What the task asks —
The lines to copy run from the one containing "Пиджак нежно-желтого цвета" to the last line of the entries; output those lines exactly and only them, without pictures.

Saved entries —
---+---

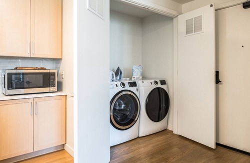 This one-bedroom retreat features a plush king bed and a queen air mattress to comfortably accommodate up to four guests. Enjoy a fully stocked kitchen with a coffee bar, in-unit laundry, and a smart TV for your favorite streaming services.
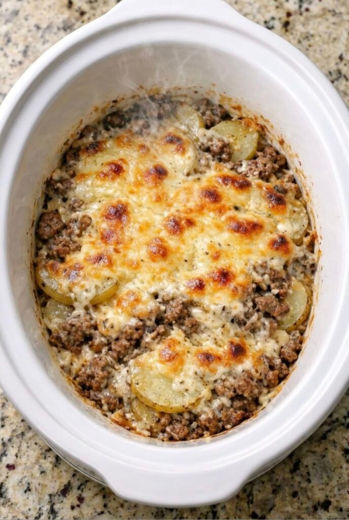 Cheesy Ground Beef & Potato Casserole (Slow Cooker Style) A hearty, comforting meal made with layers of tender potatoes, seasoned
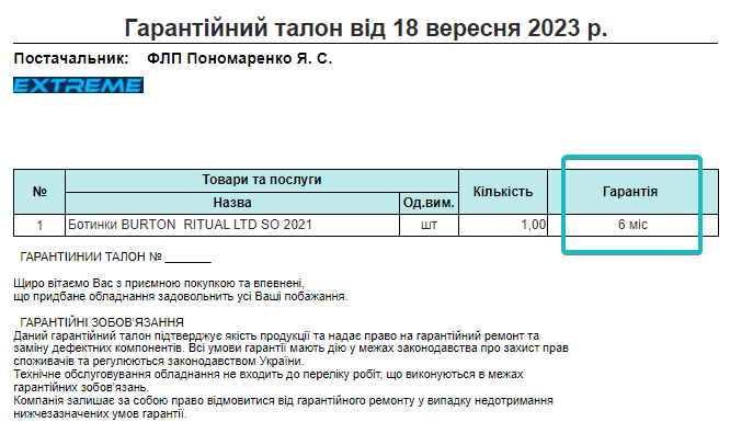 Якщо текст гарантійного талону для всіх товарів однаковий, то достатньо тут додати текст, який буде виводитись на друк.
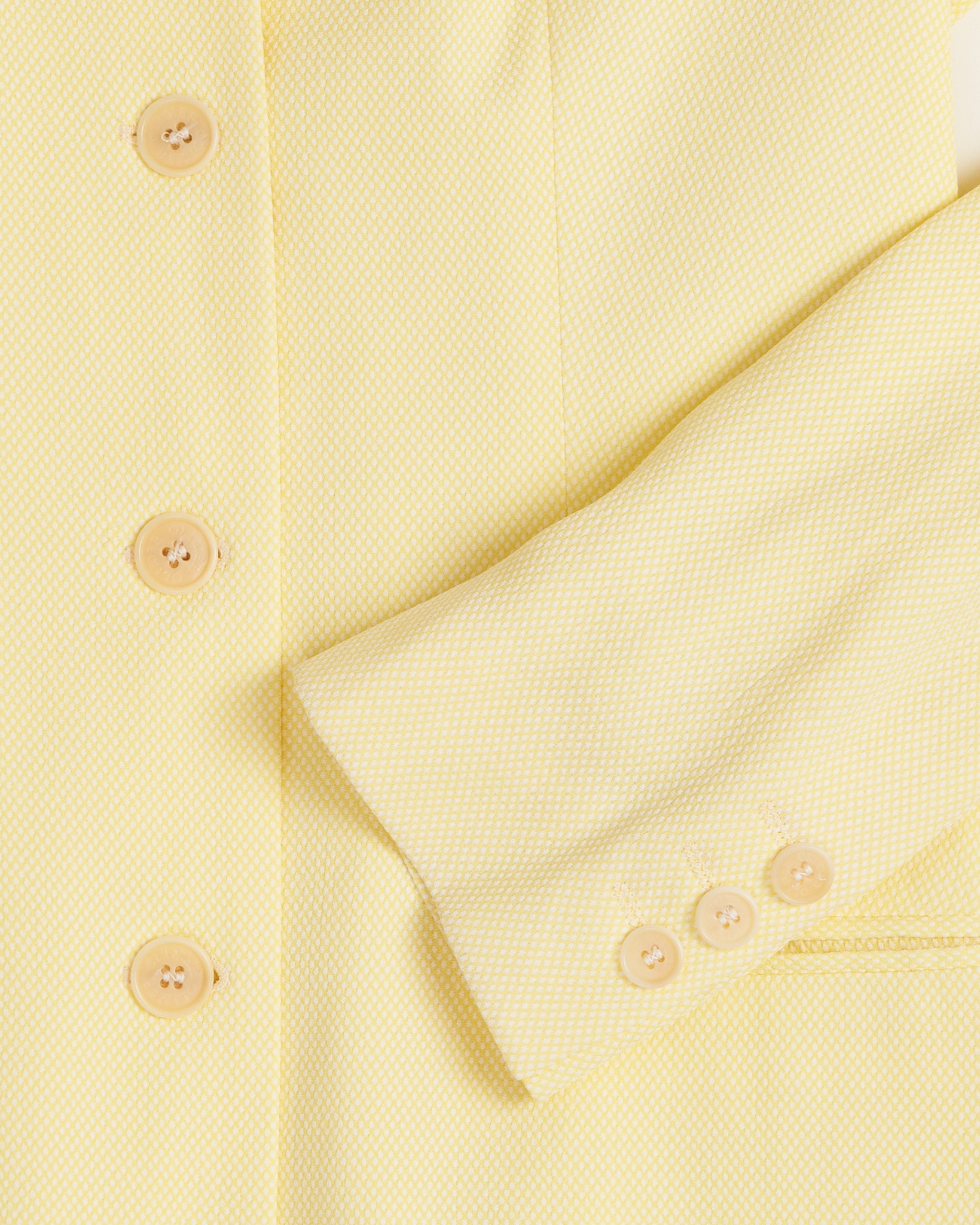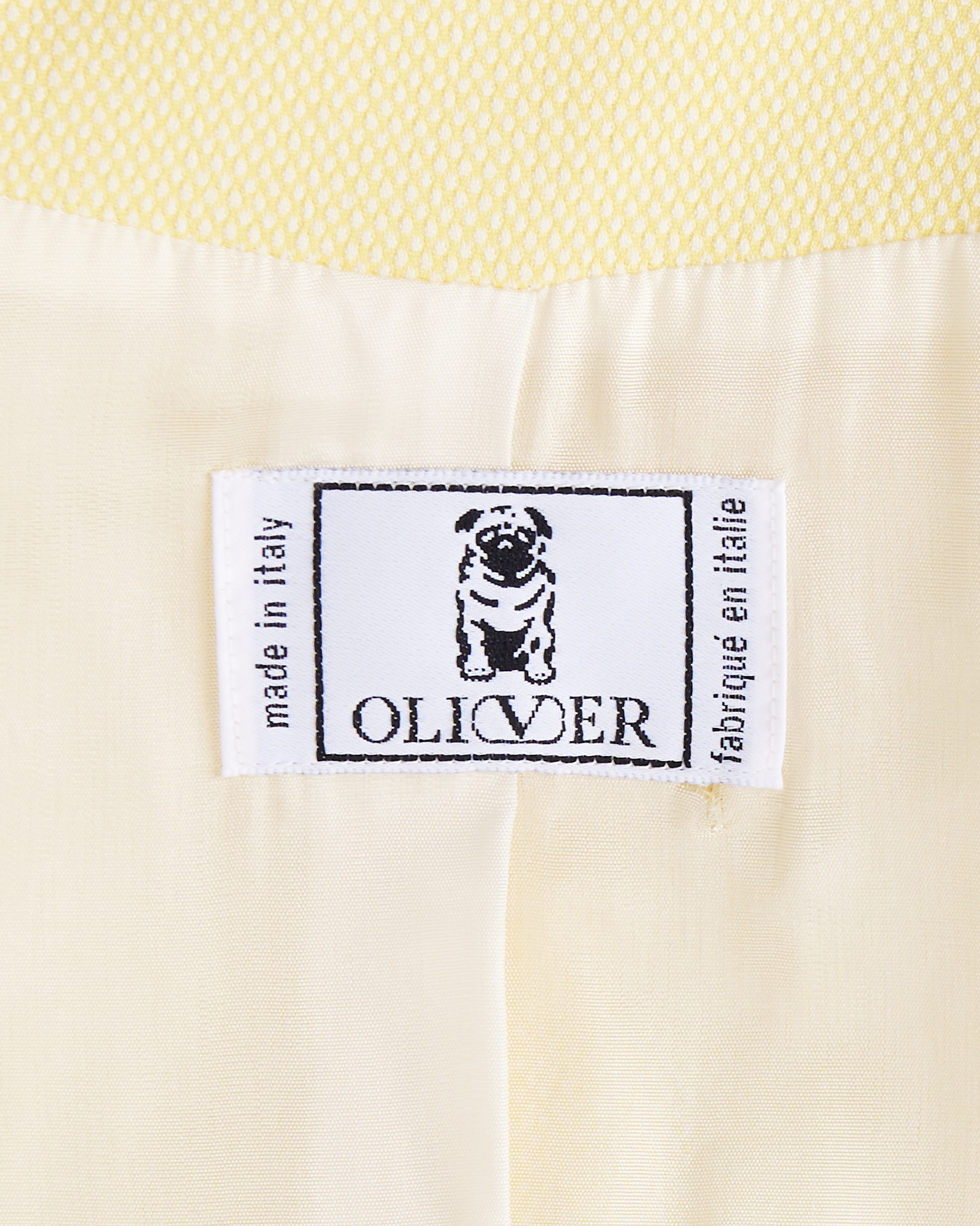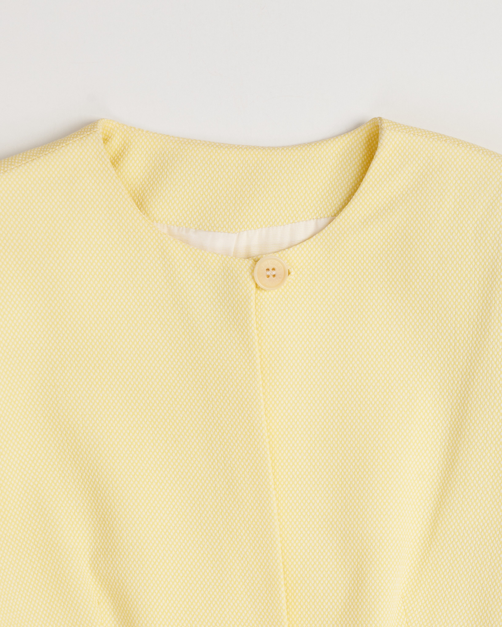 Пиджак нежно-желтого цвета с текстурированной тканью. Прямой силуэт, удлиненный крой. Застежки на пуговицах в тон. Удобные подплечники. Сделан в Италии.
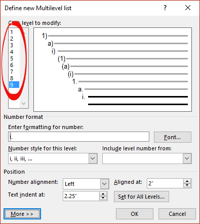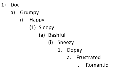 There’s a maximum of nine levels available in Word multi-level numbering. That’s enough for the seven dwarves plus two more. There’s a way to get more than nine levels.
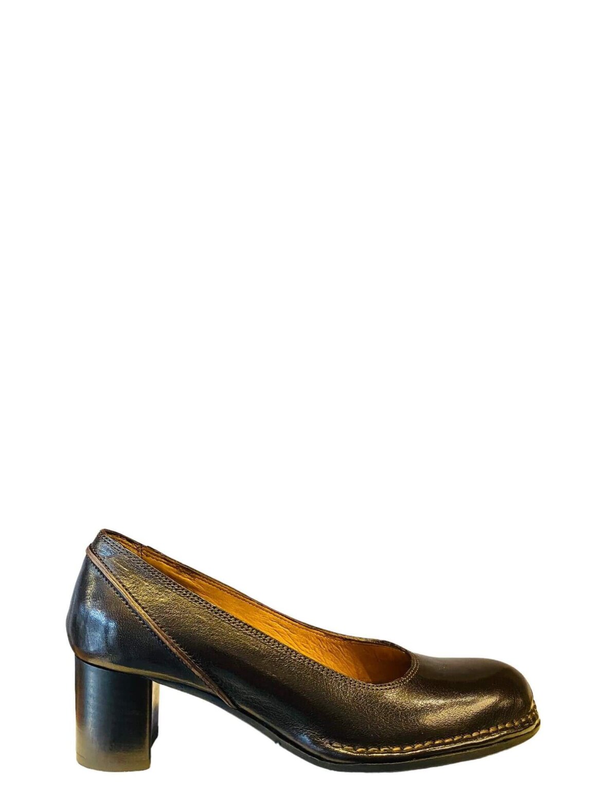 Smuk pumps fra Bubetti i mørk brun skind, foret med skind. Hælhøjde 5 cm
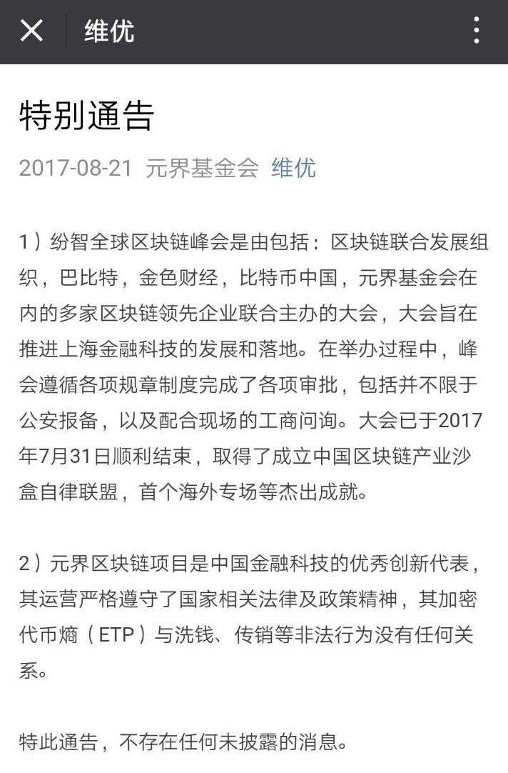 经界面新闻查证,浦东市场监管局所提及的全球区块链峰会实为7月30日至31日举办的Finwise纷智·全球区块链峰会,被点名的“上海某软件技术有限公司”应为上海艾固商务咨询有限公司,不过该公司一直以“维优咨询”对外进行宣传,自称是区块链行业的领军企业,维优元界是维优团队基于区块链技术开发的去中心化项目。

---+---

Solution to this exercise —
 Пиджак нежно-желтого цвета с текстурированной тканью. Прямой силуэт, удлиненный крой. Застежки на пуговицах в тон. Удобные подплечники. Сделан в Италии.
 There’s a maximum of nine levels available in Word multi-level numbering. That’s enough for the seven dwarves plus two more. There’s a way to get more than nine levels.
 Smuk pumps fra Bubetti i mørk brun skind, foret med skind. Hælhøjde 5 cm
 经界面新闻查证,浦东市场监管局所提及的全球区块链峰会实为7月30日至31日举办的Finwise纷智·全球区块链峰会,被点名的“上海某软件技术有限公司”应为上海艾固商务咨询有限公司,不过该公司一直以“维优咨询”对外进行宣传,自称是区块链行业的领军企业,维优元界是维优团队基于区块链技术开发的去中心化项目。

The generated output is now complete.